■ **ACTIVITY**
For this exercise, output the entries below exactly from the line that holds "rbb Fernsehen MIT" to the line that holds "π€ White Ceramic", both ends included. No pictures belong in the copy.

■ **WORKING DATA**

# # # #

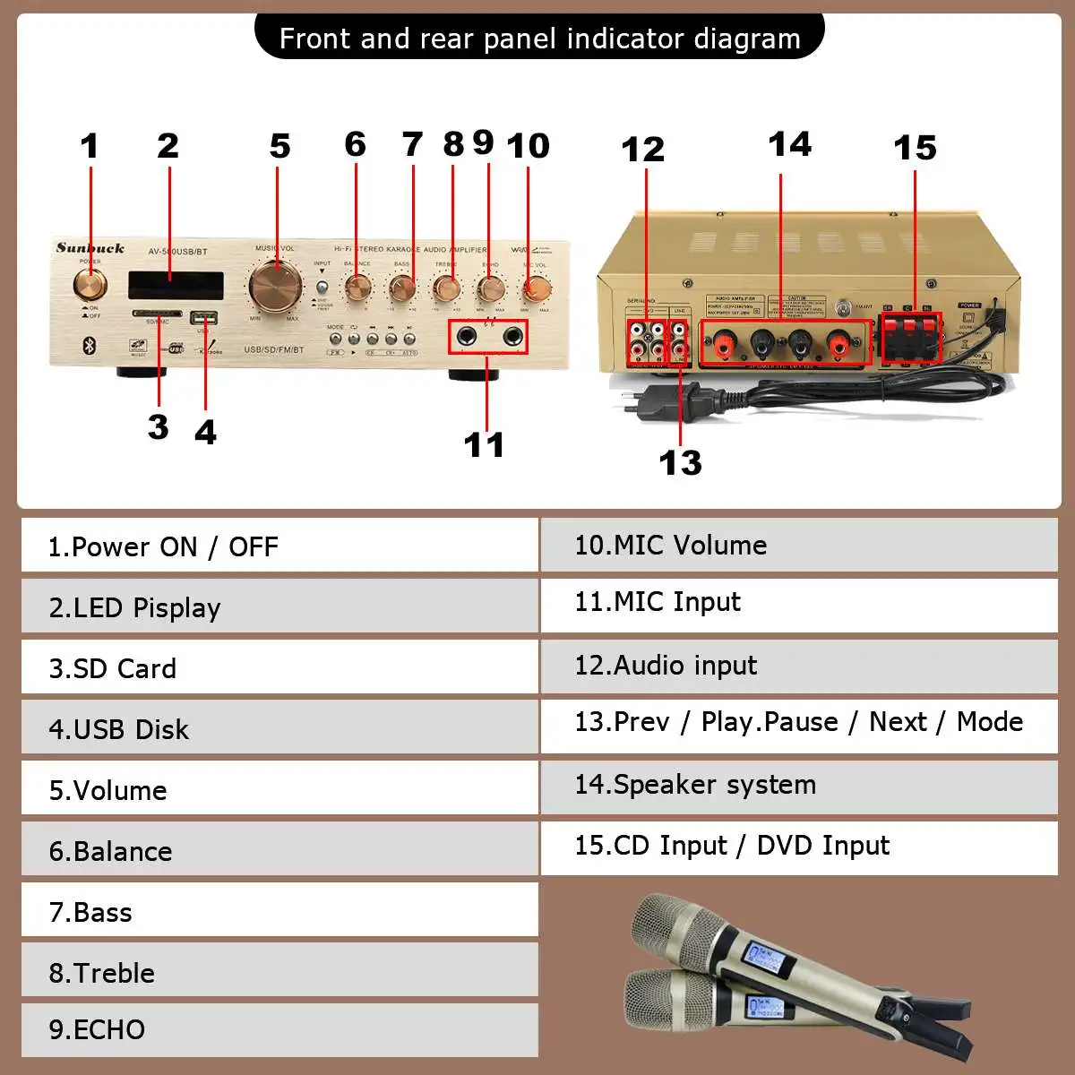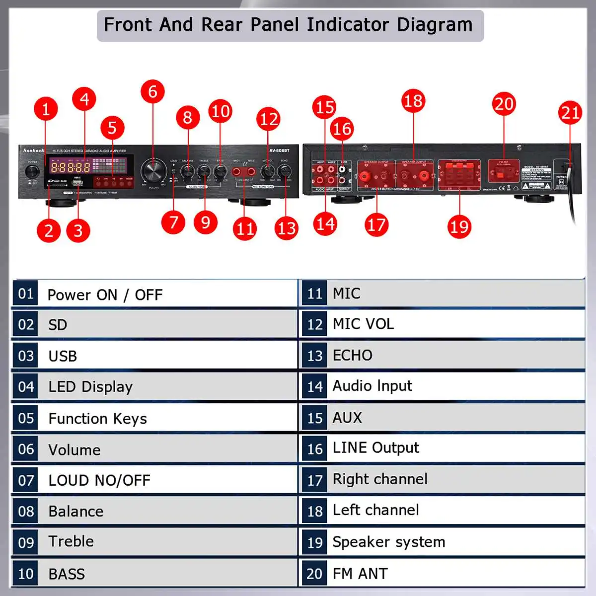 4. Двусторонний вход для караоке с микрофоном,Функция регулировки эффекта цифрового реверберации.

# # # #

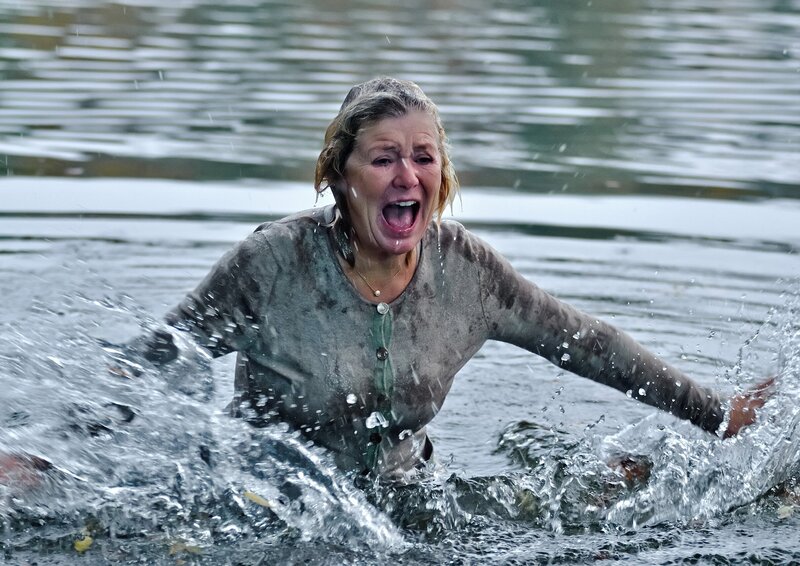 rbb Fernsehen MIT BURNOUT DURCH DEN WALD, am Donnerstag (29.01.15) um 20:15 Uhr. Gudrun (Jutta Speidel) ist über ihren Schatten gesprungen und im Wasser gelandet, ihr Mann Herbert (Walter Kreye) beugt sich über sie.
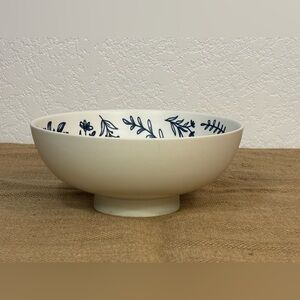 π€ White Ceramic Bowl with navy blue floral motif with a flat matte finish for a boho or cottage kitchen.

# # # #

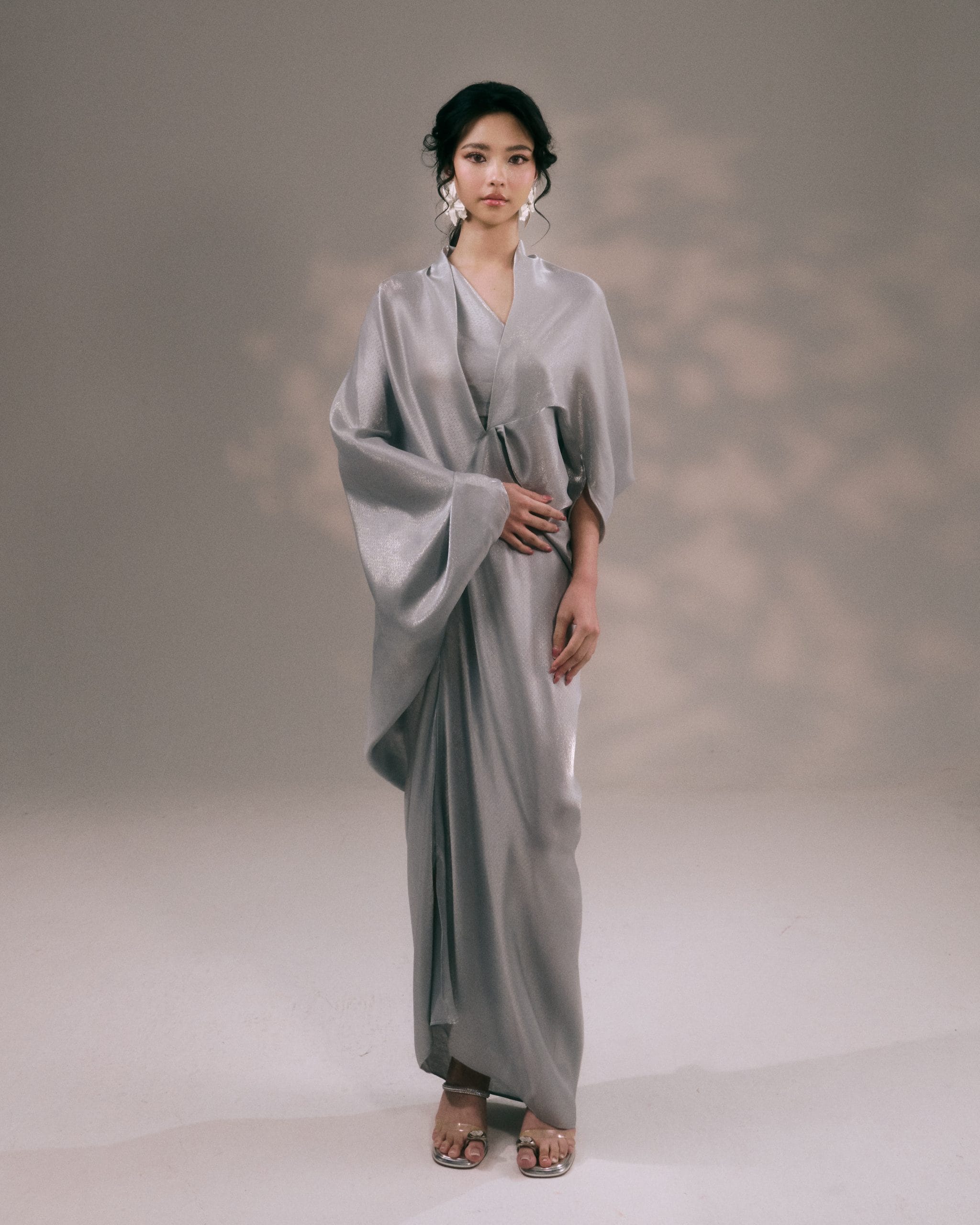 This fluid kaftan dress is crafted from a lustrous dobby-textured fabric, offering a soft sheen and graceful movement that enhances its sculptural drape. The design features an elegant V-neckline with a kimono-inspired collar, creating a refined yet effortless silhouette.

# # # #

■ **WRITTEN ANSWER**
 rbb Fernsehen MIT BURNOUT DURCH DEN WALD, am Donnerstag (29.01.15) um 20:15 Uhr. Gudrun (Jutta Speidel) ist über ihren Schatten gesprungen und im Wasser gelandet, ihr Mann Herbert (Walter Kreye) beugt sich über sie.
 π€ White Ceramic Bowl with navy blue floral motif with a flat matte finish for a boho or cottage kitchen.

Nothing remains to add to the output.